I attended a graduate seminar where Matilde Wium, Musicology lecturer presented a paper she had given at a conference themed around the idea of hegemony.  I was interested that an entire conference would be devoted to the theme – as it is a major theme in the article that two co-authors and I have just finished revising for an international journal.  (Our article focuses on cultural hegemony we find in Music Education and a teaching approach called culturally responsive teaching that could address the lack of balance in our university curricula for Music Education.)
Friday, we drove to the Cloete farm called Waterval in the Eastern Cape town of Barkly East.  Elene’s parents hosted us for the weekend, and provided us with a mini-briefing that included a history lesson for Dennis, Afrikaans language tutoring for me and traditional Afrikaans meals for all of us.  Dennis rode in a tandem gyrocopter about 400 meters above the earth, which at that location is a little over 5,000 feet above sea level.  As I'm returning to work at UFS, I  have a different challenge with languages than I had in Zululand.  Afrikaans, seSotho and seTswana are three new languages that represent my students and colleagues at the University of the Free State, so saying “hello” or “thank you” gets slightly more complicated.  Fortunately, we all have tea every day at 11:00 a.m. so there is some basis for communication through general slurping and nodding and chit-chatting about the day.

As if we weren’t already culturally confused, my Music Department Chairpersons Mr./Dr. and Mrs./Dr.

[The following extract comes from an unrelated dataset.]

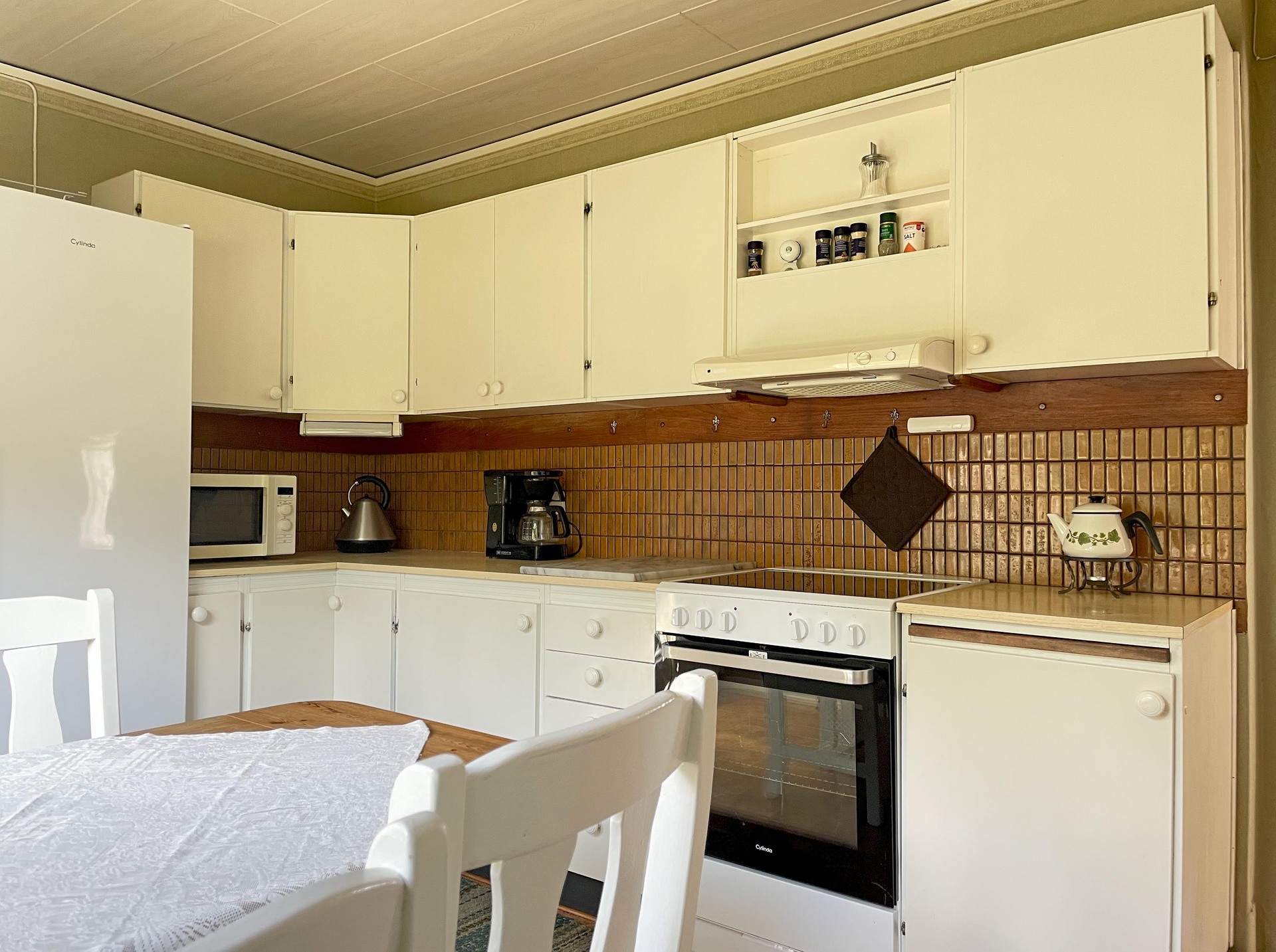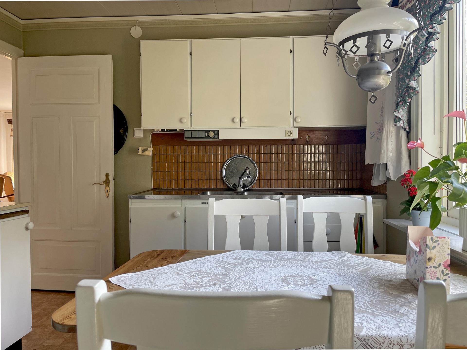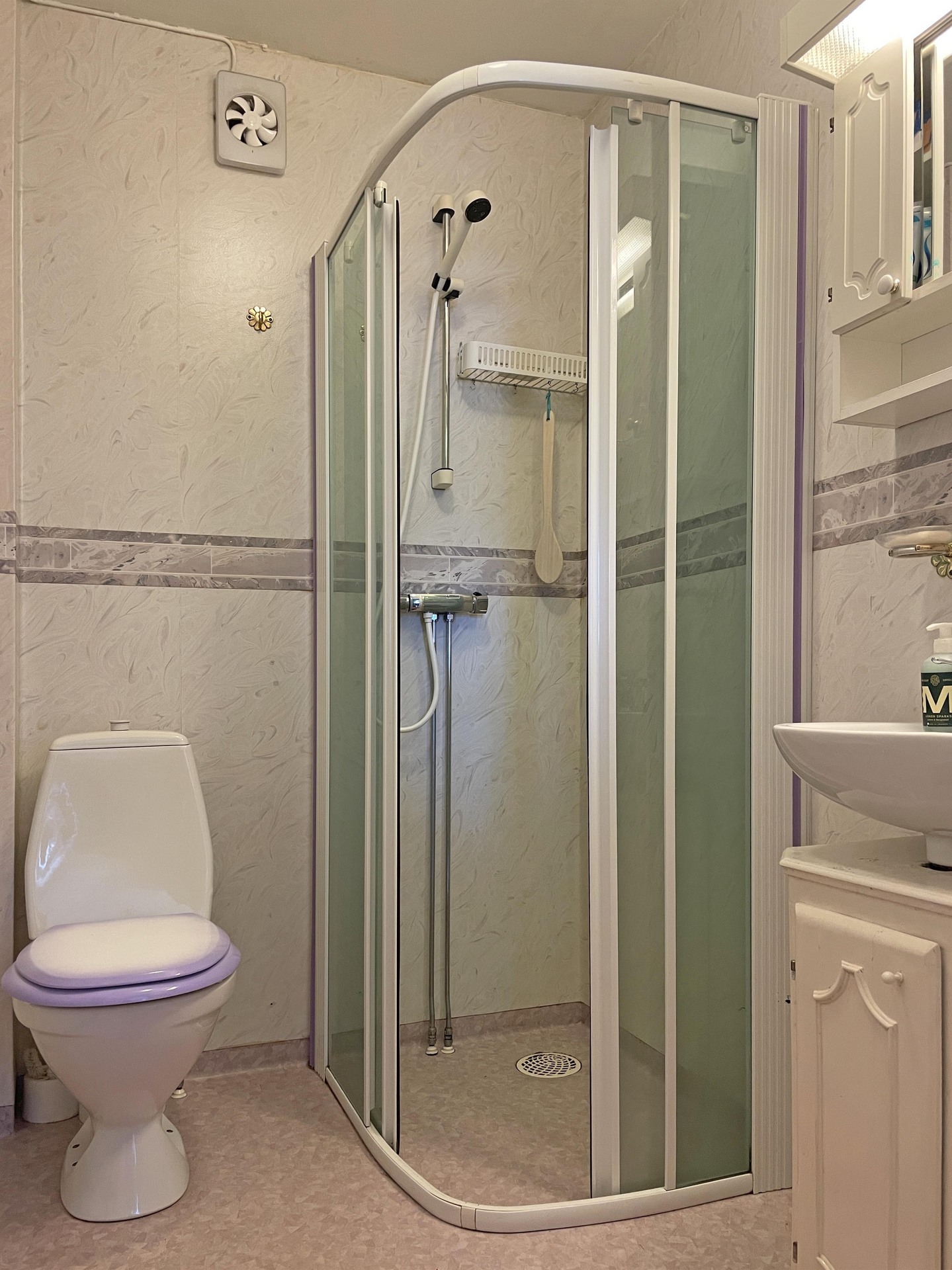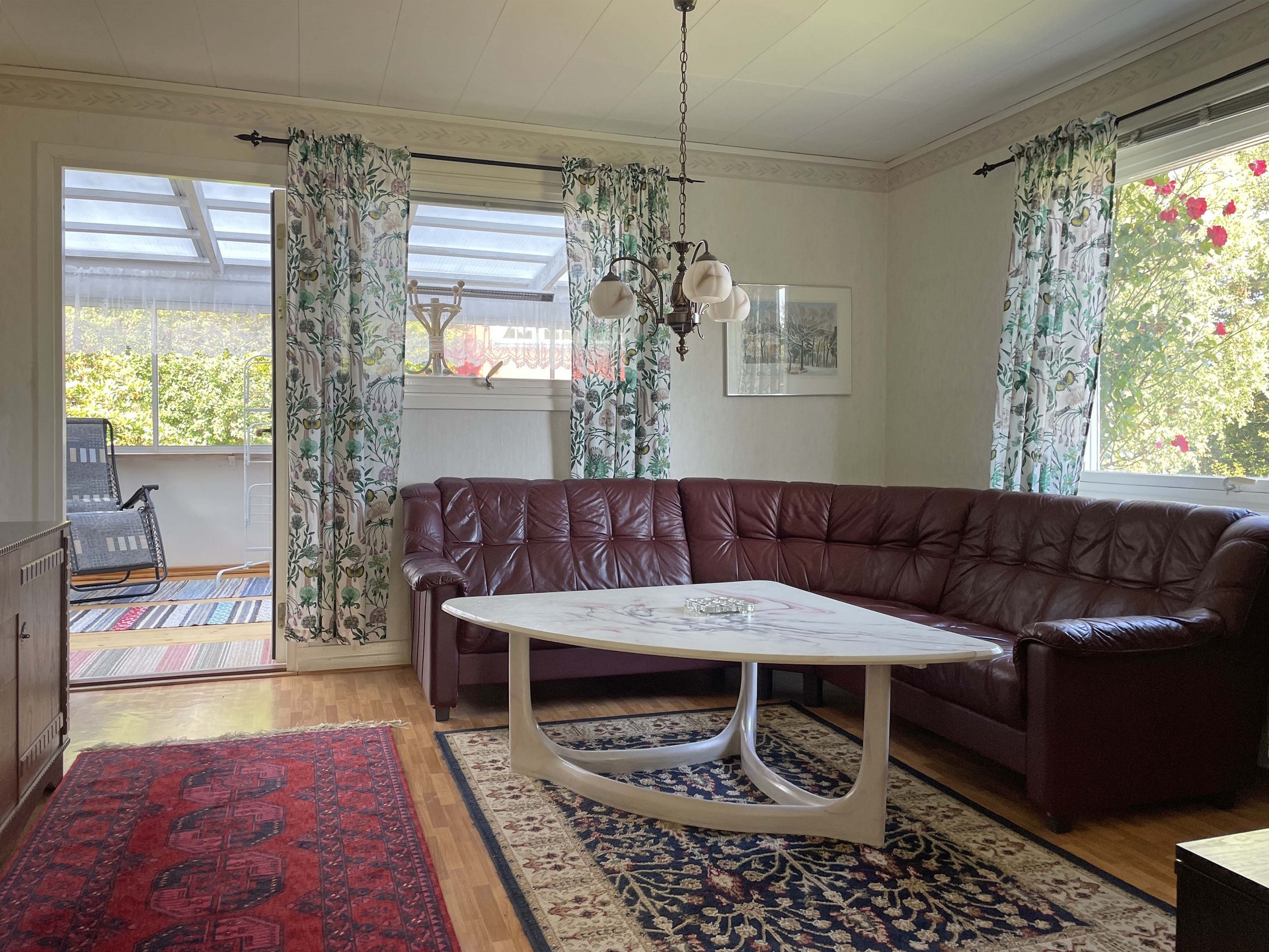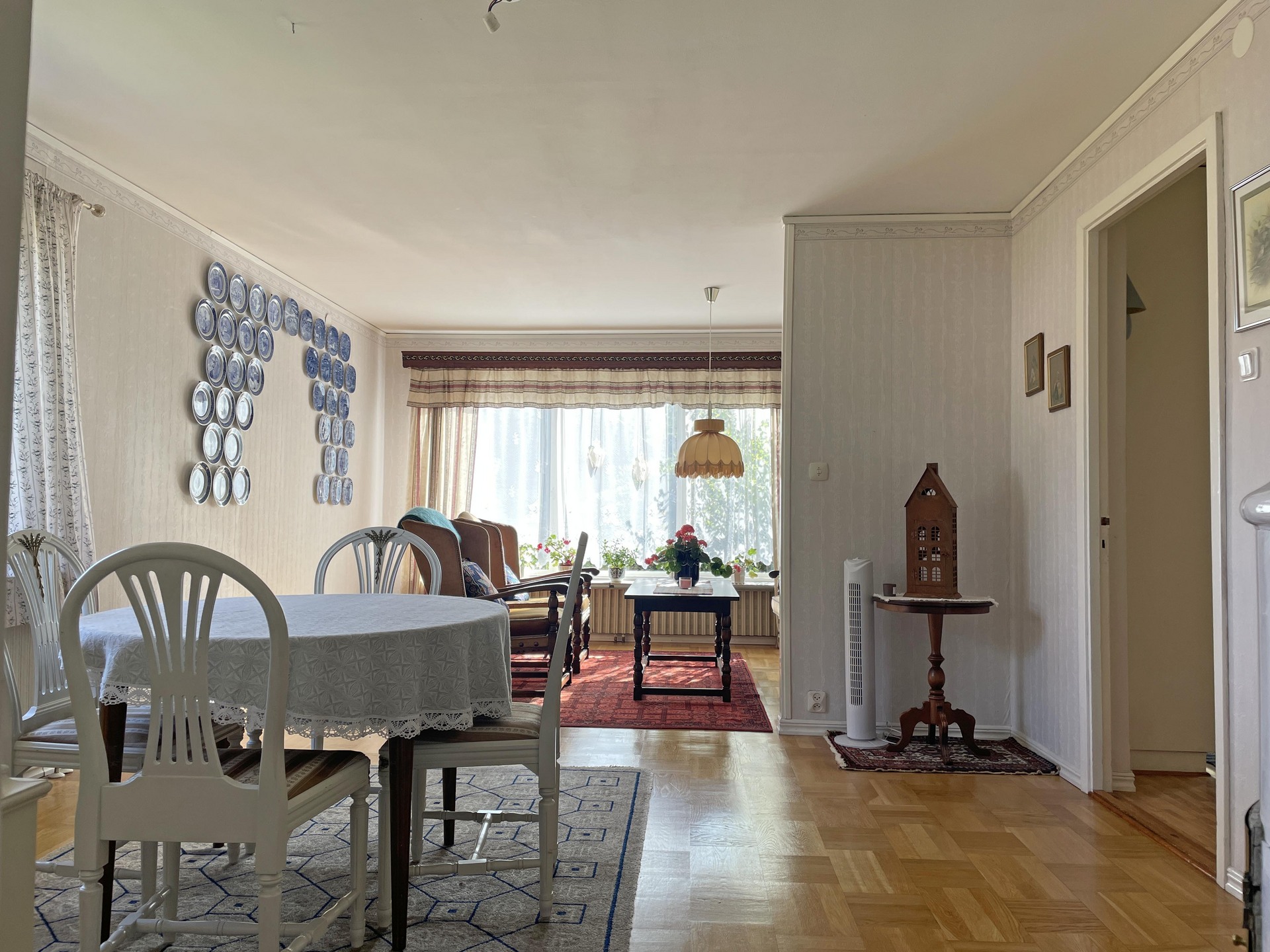 VÄLKOMMEN IN... ... till en mysig bostad med många fina detaljer. Spegeldörrar, kakelugn, parkett och charmiga vrår. ENTRÉPLAN har två/tre rum och kök samt uterum, hall och badrum. Entré under tak in genom uterummet. UTERUM med tak av kanalplast, trägolv och halvinglasade väggar. Ytterdörr in till huset. Ytterdörren leder in i vardagsrummet. Till höger genom ett valv finns en vrå för avhängning mellan vardagsrummet och badrummet. VARDAGSRUM med gjutjärnskamin och en täljsten på toppen. Tegelvägg bakom kaminen och klinker på golvet under. I övrigt tapetserade väggar och plastmatta på golvet. Fönster ut mot uterummet och mot öster. Ett valv leder in till finrummet. BADRUM med våtrumstapet och -matta. Handfat med kommod och spegelskåp, WC samt duschväggar. Badrumsfläkt. FINRUM med parkett och väldigt vacker kakelugn. Kakelugnen behöver åtgärdas men förhöjer rummets karaktär med sin prakt. Finrummet har öppnats upp och är nu två rum i ett. Den bortre delen kan delas av om man behöver ett sovrum till. Fönster mot öster och ett stort fönsterparti med 3-glasfönster mot syd. Dörrar till kök och till hall. KÖK med plats för ca 4 personer. Kakel över diskbänk och bänkskiva av laminat. Spis med ugn, glashäll Cylinda, Fläkt Franke, Kylskåp och Frysskåp Cylinda. Tapetserade väggar, plastmatta. 3-glasfönster mot väster, HALL med trappa till övre plan och ytterdörr mot trädgården. Lämpligt som kontor. Förråd under trappan och garderobsvägg. Tapetserade väggar, plastmatta. ÖVRE PLAN har hall, två sovrum, badrum och en rymlig balkong/altan. HALL med en vrå till höger innan utgång till trädäck. I vrån finns förvaring. Rakt fram finns ett sovrum och till vänster passerar man förvaring på väg mot badrum och ytterligare ett sovrum. Tapetserade väggar och plastmatta i hallen. Förvaringen har dörrar. SOVRUM rakt fram har panelat snedtak och tapetserade väggar, plastmatta. Fönster i söderläge ut mot trädäcket. BALKONG/altan under tak i söderläge. Trall på golvet, panelade väggar. BADRUM med handfat, WC och badkar som går in under snedtak. Våtrumsmatta och -golv. Badrumsfläkt. Fönster mot väster. SOVRUM större med alkov. Två ina spegeldörrar till garderober/förvaring. Tapetserade väggar och trägolv. Treluftsfönster mot norr och fönster mot öster.

Viljoen (husband and wife) took Dennis and me out to a Chinese restaurant, where the owner/cook Frankie is also a Chinese musician working in my building as community partner.  His food was unbelievable and nothing like I have ever tasted.  He says it’s not American - Chinese, but Chinese – Chinese, and that’s all the difference.  He directs the Chinese orchestra in Bloemfontein, and most of the players take private lessons from Frankie.  So he teaches lessons from 7:30 a.m. – 10:30 a.m. then runs down to the restaurant to cook lunch, then comes back to teach all afternoon – then back to the restaurant for dinner.  Whew!